Trenched (Iron Brigade) – This game is featured on this list because it will go down as my fastest completion-and-review-turnaround to date. I enjoyed it for the same reasons I enjoyed Dungeon Defenders in that the multiplayer is enjoyable, there is a ton of customization and actually controlling your mech staves off the boredom of the place-and-wait strategy that most tower defense games rely on. The name change did confuse me as it’s kind of weird that there is another game named Trenched out there, but a generic name like Iron Brigade was still available. That’s neither here nor there as I need to focus on an upcoming battle with a Martian Bear.
Gears of War 3 – I am really really sick of Gears of War 3 right now (even writing this short paragraph is a bit nauseating). After two gaming marathons of no less than twelve hours and a couple more extended play sessions in between, I’ve had more than my fair share. This may seem like reason enough to keep it off my end of the year list, but the time I spent with Gears 3 was some of the best gaming I’ve had in quite a while. The game was one of 2011’s best examples of perfecting an already great product and I’m looking forward to my over-consumption of Epic’s masterpiece to wear off (did the same thing with Macaroni and Cheese during Thanksgiving and am happy to report I had a bowl last night).

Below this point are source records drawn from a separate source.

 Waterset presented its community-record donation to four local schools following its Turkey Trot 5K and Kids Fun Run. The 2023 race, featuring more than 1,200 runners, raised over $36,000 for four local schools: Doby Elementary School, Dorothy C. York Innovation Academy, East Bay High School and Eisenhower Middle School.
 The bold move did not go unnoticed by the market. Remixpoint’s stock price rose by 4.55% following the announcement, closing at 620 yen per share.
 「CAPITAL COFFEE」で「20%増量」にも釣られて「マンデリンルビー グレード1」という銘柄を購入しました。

Dead Island – It wouldn’t be an Ethan Moses list without two zombie games being featured, so Dead Island slips though to get a coveted spot. It’s not a perfect game by any means, but it is entertaining and the satisfaction of smashing a zombie’s face with a nail filled bat is only second to crushing a group of Orcs with a spiked log in Orcs Must Die!. This game is currently on the backburner, but my plan is to finish it off after I catch up on Season 2 of The Walking Dead. As an unexpected bonus, it somewhat prepared me for the FPS combat I’d face in Skyrim.
Space Pirates and Zombies – I had a ton of fun with this game and am likely to pop it in now and again to get my space battle fix.

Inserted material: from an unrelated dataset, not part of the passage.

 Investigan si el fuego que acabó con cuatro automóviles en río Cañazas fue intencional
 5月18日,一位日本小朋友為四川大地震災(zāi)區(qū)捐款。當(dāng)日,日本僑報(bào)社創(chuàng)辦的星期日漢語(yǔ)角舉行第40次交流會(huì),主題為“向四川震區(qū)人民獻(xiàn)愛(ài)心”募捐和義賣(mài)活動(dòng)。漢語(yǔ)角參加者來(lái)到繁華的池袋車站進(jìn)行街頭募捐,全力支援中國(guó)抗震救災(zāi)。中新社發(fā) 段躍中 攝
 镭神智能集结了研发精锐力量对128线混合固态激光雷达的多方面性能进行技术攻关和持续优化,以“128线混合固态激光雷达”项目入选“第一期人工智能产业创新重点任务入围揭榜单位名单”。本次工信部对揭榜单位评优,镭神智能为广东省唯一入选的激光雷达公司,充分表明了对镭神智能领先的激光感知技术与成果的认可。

Dawn of War 2: Retribution – Retribution was one of my more anticipated titles last year, but despite featuring 7 new single player campaigns I was pretty warhammered out from Dark Crusade by the time I got through the Tyranid and Imperial storylines.

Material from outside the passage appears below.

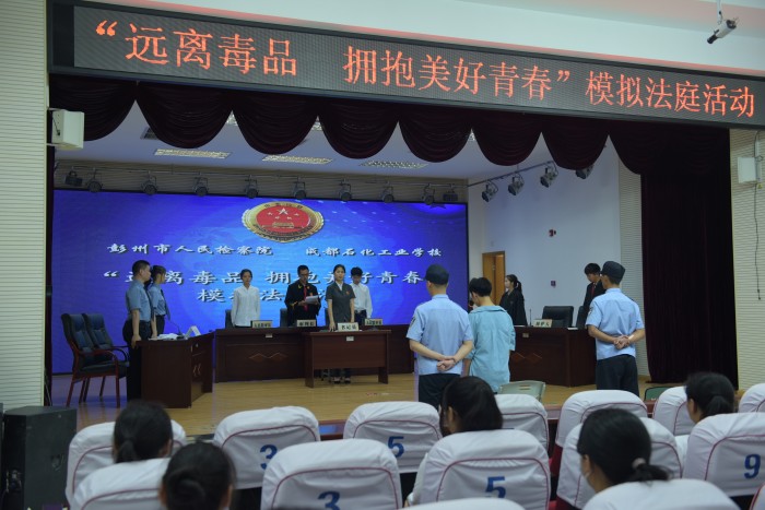 2020年6月23日,我校联合彭州市检察院在我校开展了“远离毒品,拥抱美好青春”禁毒模拟法庭直播活动。在模拟法庭庭审中,我校9名青年学生模拟扮演法庭角色,真实呈现了庭审准备、公布开庭、庭审检查、法庭辩论、法庭调解、合议庭评议、公布判决等诉讼程序,以案释法、以案析理,不仅让他们及观摩的同学在模拟法庭中学习了有关禁毒的法律知识,了解了司法审判程序,同时也更深刻的认识到毒品的危害。通过让学生亲自参与真实案例的模拟开庭审理,切身感受法律的庄重威严、公平公正。禁毒“模拟法庭”,使我校学生深刻认识、理解毒品问题对个人乃至社会发展带来的危害,从生理和心理上建立和巩固对毒品的防线,珍惜生命,远离毒品,完善人格,促进自我的健康成长。

Fallout New Vegas: Old World Blues – New Vegas had at least one DLC that was worth downloading, so if you’re thinking about prolonging your time with that game, this is the way to do it.
We need to talk
Every other piece of Fallout: New Vegas DLC – None of them were bad as much as they seemed misguided, but I was still pretty bummed about not having an experience like I did with Broken Steel and Point Lookout.
Dungeons – It was my fault for thinking this was going to be the next Dungeon Master, but that doesn’t excuse some iffy controls and mechanics.
Rage – I’m not upset that this game wasn’t the next Fallout as much as I’m flabbergasted by some of the design choices made. There was just too much time put into making it appear more open world than it was. That being said, there’s a good chance this game is also part of the next category.
We should get a drink sometime
Saints Row: The Third – You look fun; hopefully Josh Lee or Lacey will join me in a threeway sometime in the future.
Uncharted 3 – I liked our last two encounters, but I’m told you feel more like a movie than a game. Say it ain’t so.
Modern Warfare 3 – I’ll probably rent you and see where your single player goes.
Battlefield 3 – Be patient, you were on my Christmas list.